Here’s a simple example: The High Line, the very successful rail-to-trail project in New York City. Very high cost ultimately, yes, but very high return. While we may celebrate the High Line, the breakthrough, the actual innovation, came nearly a half-century earlier, in the mid-1960s, when right-of-ways abandoned by financially stressed railroad companies were visited increasingly by local recreationists. Here was the emergent demand. Resources followed. The first formal rails-to-trails projects were completed in Wisconsin and Illinois, and today, according to the Rails-to-Trails Conservancy, we have some 25,000 miles of rail trails across the country.
So one final thought is this: Sometimes the answer to the question of what works stands humbly before us, in simply noticing, adapting, and expanding what already has been shown to work.
Of Mobs and Miracles
The idea of the mob has been on my mind lately, for obvious reasons. What creates a unified mass? What draws so many to an empty leader? I found some stimulating insights in a paper by Theodor Adorno, who set down his thoughts on the psychological roots of fascism not long after Nazi Germany’s destruction. Among many points that resonated — some inspired by Freud’s 1921 work on group psychology — were these:
The follower invests the most idealized parts of himself in the leader and enlarges them so as to block out hated, shameful parts of himself.
The mass, the unity, forms when followers understand they share the same deeply idealized object, and in that process take one another into themselves.
Empty, repetitive speech is a hallmark of all fascist leaders. Its purpose is not to reason, but to cast a spell.
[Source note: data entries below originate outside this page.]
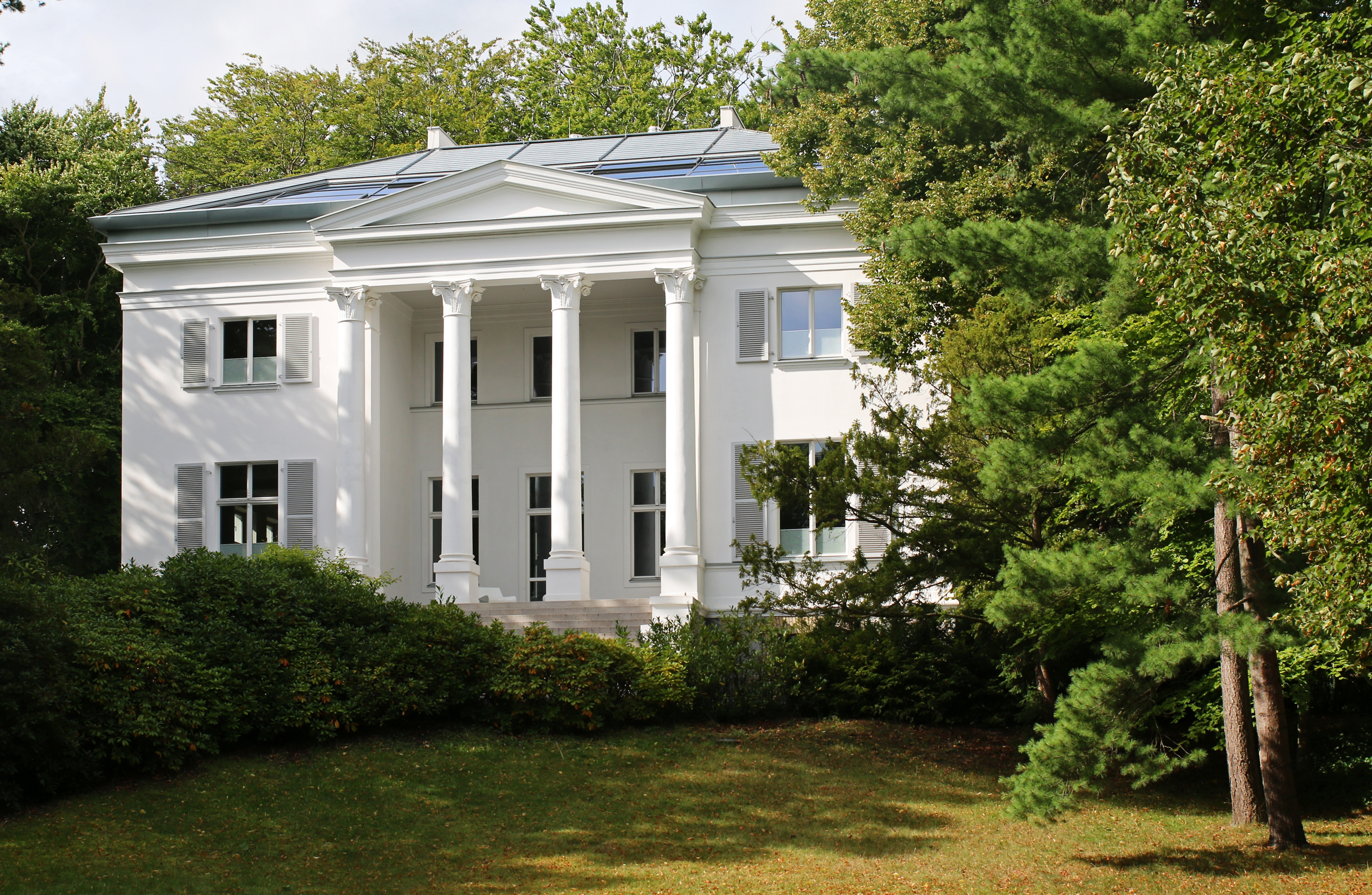 Villa Oppenheim in Heringsdorf/Usedom
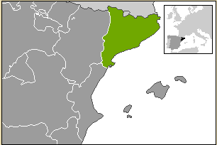 Map extent is fit to NUTS ES5 area (Eastern Spain).
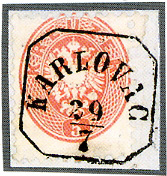 Austrian KK 5 kreuzer stamp, issue 1864, cancelled at KARLOVAC, Croatia-Slavonia. Mueller type RzhB-f (35x2 points).
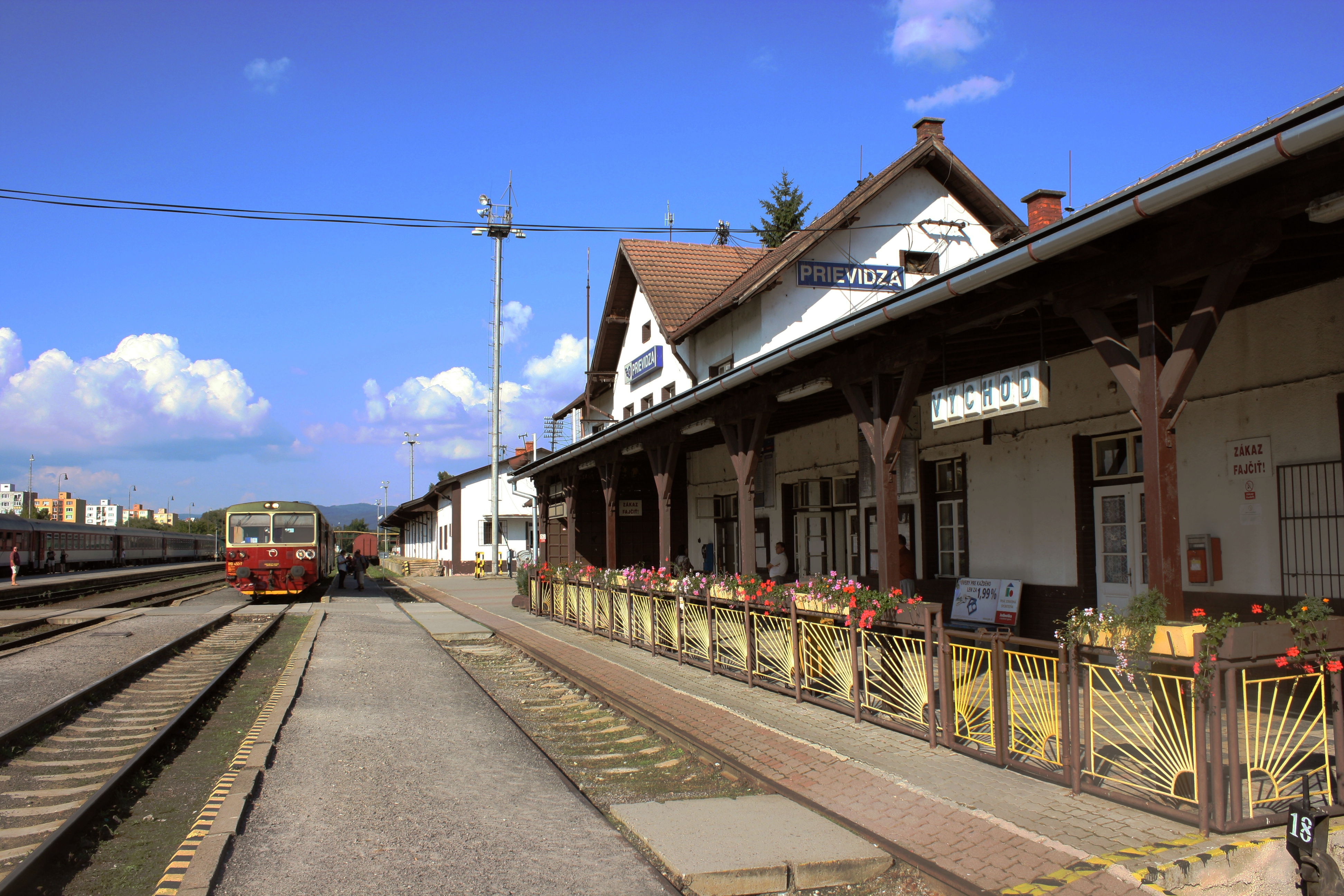 Building and railyard of railway station in Prievidza, Slovakia, with railcar ZSSK 810 450-7 on second track.

There is a “phoniness” to the dynamic that both leader and agitator understand but must deny or “they would be left to panic.”
Adorno believed that the increasingly obvious propagandistic machinery behind fascist spell-work had made the phoniness of the mass excitement it helped produce all the more evident, and he ended his essay hopefully:
Socialized hypnosis breeds within itself the forces which will do away with the spook of regression through remote control, and in the end awaken those who keep their eyes shut though they are no longer asleep.
I suspect from this that Adorno would be surprised by how many millions in this country force their eyes shut still. I doubt Freud would be.
It would be easy to live one’s days in dread after January 6th, even after the salvation of November 7th. But last weekend life reminded me how much bigger and more dynamic it is than mere events. My wife and I walked down to Zabar’s for some Nova and goodies. It was cold, and as we headed back a breeze came up from the river and clouds filtered the sun that had warmed our faces on the way down. The thick snow in Riverside Park added further chill, even as it brightened the way.
A few blocks from home we came suddenly upon a milling crowd of a few dozen people, and then a small jazz band I’d not noticed kicked into a Benny Goodman tune. A couple danced. Several individuals joined them. I began to laugh as this unexpected magic delighted and strengthened me.